_WHAT YOU WILL DO:_
Please copy every line from the records below that contains the string "soft".

_GIVEN ENTRIES:_
Segment Open
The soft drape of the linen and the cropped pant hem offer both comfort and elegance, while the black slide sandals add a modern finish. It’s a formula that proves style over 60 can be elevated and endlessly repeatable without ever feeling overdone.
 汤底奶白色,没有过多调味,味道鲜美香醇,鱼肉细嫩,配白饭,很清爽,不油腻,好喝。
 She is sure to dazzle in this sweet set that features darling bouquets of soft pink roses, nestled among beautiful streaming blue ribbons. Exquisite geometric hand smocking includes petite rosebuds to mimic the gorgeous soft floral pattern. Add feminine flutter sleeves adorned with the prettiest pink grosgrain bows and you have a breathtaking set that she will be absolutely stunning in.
Segment Closed
Segment Open
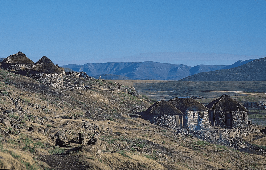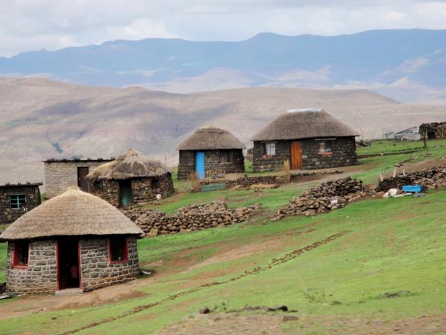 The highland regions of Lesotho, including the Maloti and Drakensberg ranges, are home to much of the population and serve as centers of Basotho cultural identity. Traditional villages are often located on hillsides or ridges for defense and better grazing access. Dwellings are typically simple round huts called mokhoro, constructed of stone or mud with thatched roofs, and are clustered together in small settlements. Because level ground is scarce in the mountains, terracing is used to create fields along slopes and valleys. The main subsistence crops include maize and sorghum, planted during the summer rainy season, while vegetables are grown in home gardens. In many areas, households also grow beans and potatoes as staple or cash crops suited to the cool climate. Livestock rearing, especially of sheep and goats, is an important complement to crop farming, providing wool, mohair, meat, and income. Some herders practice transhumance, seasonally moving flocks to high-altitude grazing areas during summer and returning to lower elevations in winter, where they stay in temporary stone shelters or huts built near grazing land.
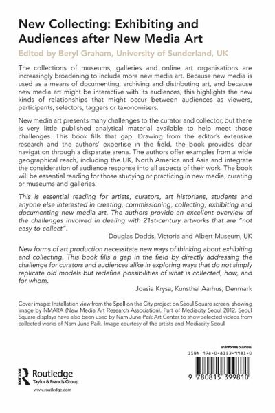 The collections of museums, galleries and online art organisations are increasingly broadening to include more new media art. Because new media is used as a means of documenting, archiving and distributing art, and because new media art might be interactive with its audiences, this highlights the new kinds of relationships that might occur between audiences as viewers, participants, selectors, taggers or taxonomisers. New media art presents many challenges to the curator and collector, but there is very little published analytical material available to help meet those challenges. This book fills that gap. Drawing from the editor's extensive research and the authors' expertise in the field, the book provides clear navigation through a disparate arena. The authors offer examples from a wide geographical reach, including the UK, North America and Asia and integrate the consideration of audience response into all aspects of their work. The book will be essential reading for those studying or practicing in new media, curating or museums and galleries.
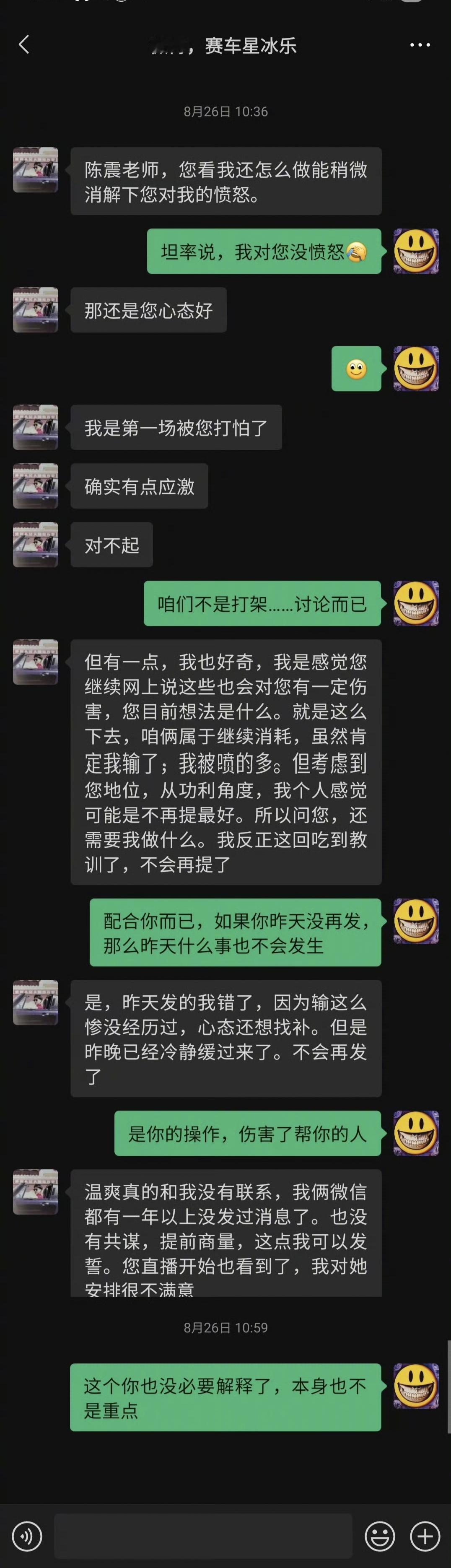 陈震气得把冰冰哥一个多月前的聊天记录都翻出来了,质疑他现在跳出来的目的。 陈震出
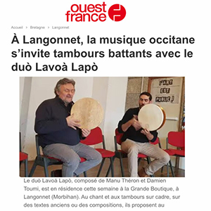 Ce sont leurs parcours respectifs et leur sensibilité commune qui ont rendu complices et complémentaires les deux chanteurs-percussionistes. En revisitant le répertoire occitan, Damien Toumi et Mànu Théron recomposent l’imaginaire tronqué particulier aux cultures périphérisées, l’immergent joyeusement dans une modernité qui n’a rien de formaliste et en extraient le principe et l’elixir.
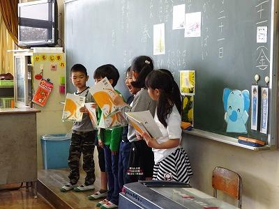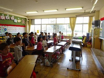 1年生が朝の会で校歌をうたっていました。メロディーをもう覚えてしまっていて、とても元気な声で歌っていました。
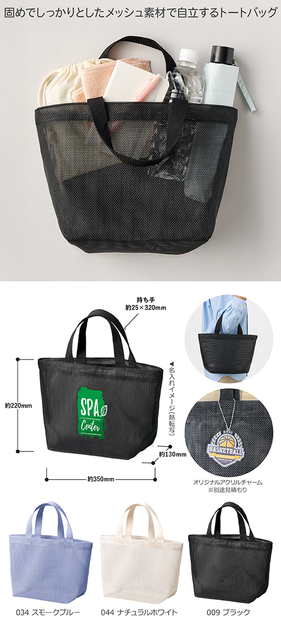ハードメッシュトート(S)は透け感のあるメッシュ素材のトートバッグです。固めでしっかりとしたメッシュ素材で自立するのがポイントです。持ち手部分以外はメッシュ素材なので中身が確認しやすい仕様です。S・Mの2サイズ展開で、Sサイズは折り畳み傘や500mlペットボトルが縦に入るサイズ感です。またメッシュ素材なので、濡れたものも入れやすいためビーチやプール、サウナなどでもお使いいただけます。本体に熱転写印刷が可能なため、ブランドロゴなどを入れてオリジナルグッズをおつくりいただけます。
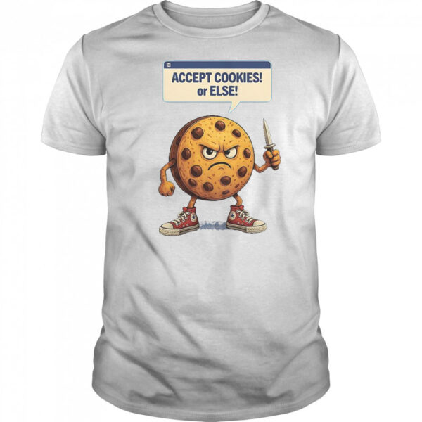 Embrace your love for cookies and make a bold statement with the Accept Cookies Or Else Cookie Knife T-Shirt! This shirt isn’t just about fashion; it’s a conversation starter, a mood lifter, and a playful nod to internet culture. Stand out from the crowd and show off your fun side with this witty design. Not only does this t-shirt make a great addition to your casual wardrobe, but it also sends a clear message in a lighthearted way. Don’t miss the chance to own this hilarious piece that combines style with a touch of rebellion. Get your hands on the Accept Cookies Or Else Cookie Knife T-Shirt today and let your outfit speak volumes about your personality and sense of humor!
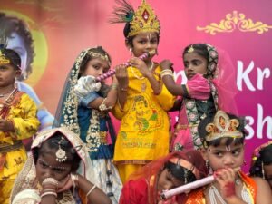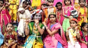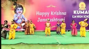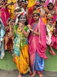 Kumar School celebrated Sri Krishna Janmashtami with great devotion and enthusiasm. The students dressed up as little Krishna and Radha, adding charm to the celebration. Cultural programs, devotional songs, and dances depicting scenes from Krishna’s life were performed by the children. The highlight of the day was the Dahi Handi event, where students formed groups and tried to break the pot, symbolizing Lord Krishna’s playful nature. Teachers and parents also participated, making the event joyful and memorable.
Segment Closed
Segment Open
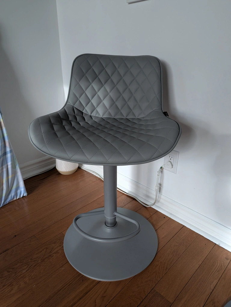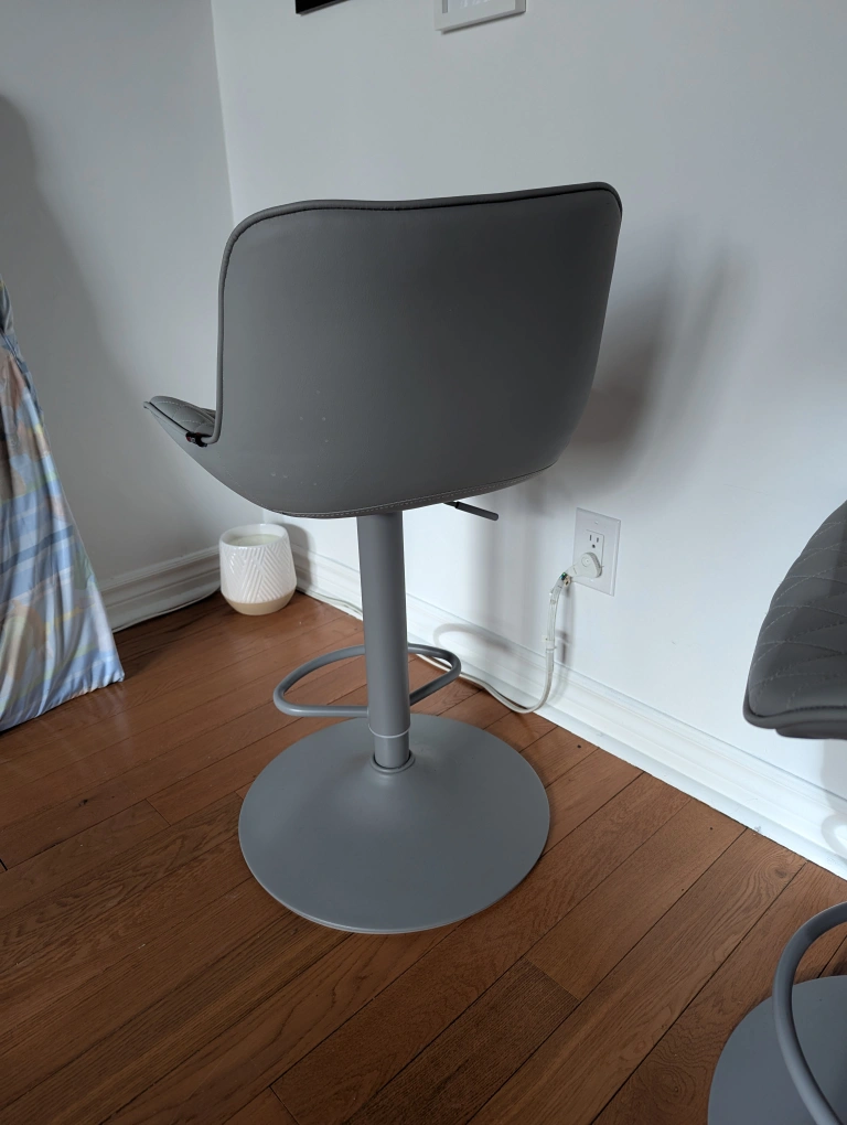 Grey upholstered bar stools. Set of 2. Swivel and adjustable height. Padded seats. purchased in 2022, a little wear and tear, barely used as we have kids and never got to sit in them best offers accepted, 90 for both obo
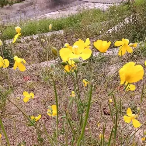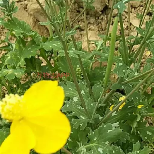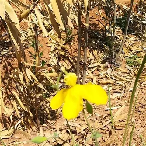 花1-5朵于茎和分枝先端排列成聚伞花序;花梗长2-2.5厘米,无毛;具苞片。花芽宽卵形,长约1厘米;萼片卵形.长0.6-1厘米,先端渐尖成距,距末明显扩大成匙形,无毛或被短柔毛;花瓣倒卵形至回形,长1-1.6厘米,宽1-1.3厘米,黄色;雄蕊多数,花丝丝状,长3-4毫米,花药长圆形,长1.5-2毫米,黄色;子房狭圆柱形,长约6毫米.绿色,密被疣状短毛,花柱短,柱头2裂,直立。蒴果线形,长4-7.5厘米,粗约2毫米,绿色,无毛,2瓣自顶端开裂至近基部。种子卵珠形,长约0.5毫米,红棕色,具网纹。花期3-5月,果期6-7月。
Segment Closed
_EXERCISE RESULT:_
The soft drape of the linen and the cropped pant hem offer both comfort and elegance, while the black slide sandals add a modern finish. It’s a formula that proves style over 60 can be elevated and endlessly repeatable without ever feeling overdone.
 She is sure to dazzle in this sweet set that features darling bouquets of soft pink roses, nestled among beautiful streaming blue ribbons. Exquisite geometric hand smocking includes petite rosebuds to mimic the gorgeous soft floral pattern. Add feminine flutter sleeves adorned with the prettiest pink grosgrain bows and you have a breathtaking set that she will be absolutely stunning in.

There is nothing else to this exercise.